Exercise materials below:
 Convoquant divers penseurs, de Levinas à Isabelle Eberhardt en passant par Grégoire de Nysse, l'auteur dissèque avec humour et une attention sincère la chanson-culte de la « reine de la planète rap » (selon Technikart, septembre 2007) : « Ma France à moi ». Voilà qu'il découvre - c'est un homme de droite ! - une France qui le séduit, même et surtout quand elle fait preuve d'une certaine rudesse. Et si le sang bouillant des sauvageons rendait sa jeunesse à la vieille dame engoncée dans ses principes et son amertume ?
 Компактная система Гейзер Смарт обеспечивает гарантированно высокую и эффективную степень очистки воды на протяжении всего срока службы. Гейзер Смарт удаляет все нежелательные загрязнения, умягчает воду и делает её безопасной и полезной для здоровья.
End of Exercise materials.
Exercise materials below:
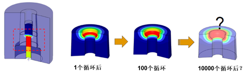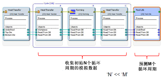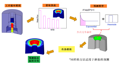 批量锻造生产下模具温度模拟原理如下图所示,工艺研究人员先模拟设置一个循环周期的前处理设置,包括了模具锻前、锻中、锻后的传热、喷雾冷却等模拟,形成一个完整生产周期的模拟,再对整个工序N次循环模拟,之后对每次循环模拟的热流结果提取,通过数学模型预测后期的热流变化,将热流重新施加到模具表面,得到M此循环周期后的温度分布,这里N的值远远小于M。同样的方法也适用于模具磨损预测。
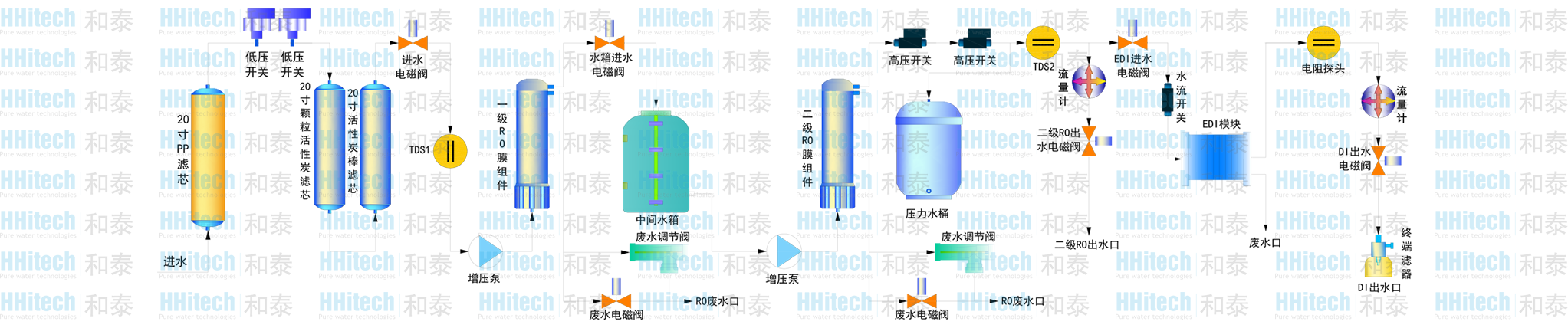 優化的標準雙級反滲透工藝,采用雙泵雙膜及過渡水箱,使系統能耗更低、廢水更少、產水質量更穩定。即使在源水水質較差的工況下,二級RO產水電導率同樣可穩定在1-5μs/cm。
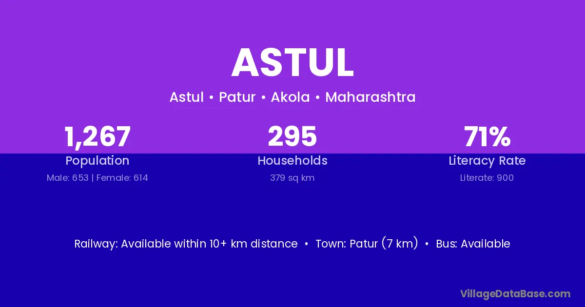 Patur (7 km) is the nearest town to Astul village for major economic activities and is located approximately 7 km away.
End of Exercise materials.
▸ **Task description**:
Output should consist of the lines above from the one with "批量锻造生产下模具温度模拟原" down to the one with "Patur (7 km)", exact and without pictures.

▸ **Exercise result**:
 批量锻造生产下模具温度模拟原理如下图所示,工艺研究人员先模拟设置一个循环周期的前处理设置,包括了模具锻前、锻中、锻后的传热、喷雾冷却等模拟,形成一个完整生产周期的模拟,再对整个工序N次循环模拟,之后对每次循环模拟的热流结果提取,通过数学模型预测后期的热流变化,将热流重新施加到模具表面,得到M此循环周期后的温度分布,这里N的值远远小于M。同样的方法也适用于模具磨损预测。
 優化的標準雙級反滲透工藝,采用雙泵雙膜及過渡水箱,使系統能耗更低、廢水更少、產水質量更穩定。即使在源水水質較差的工況下,二級RO產水電導率同樣可穩定在1-5μs/cm。
 Patur (7 km) is the nearest town to Astul village for major economic activities and is located approximately 7 km away.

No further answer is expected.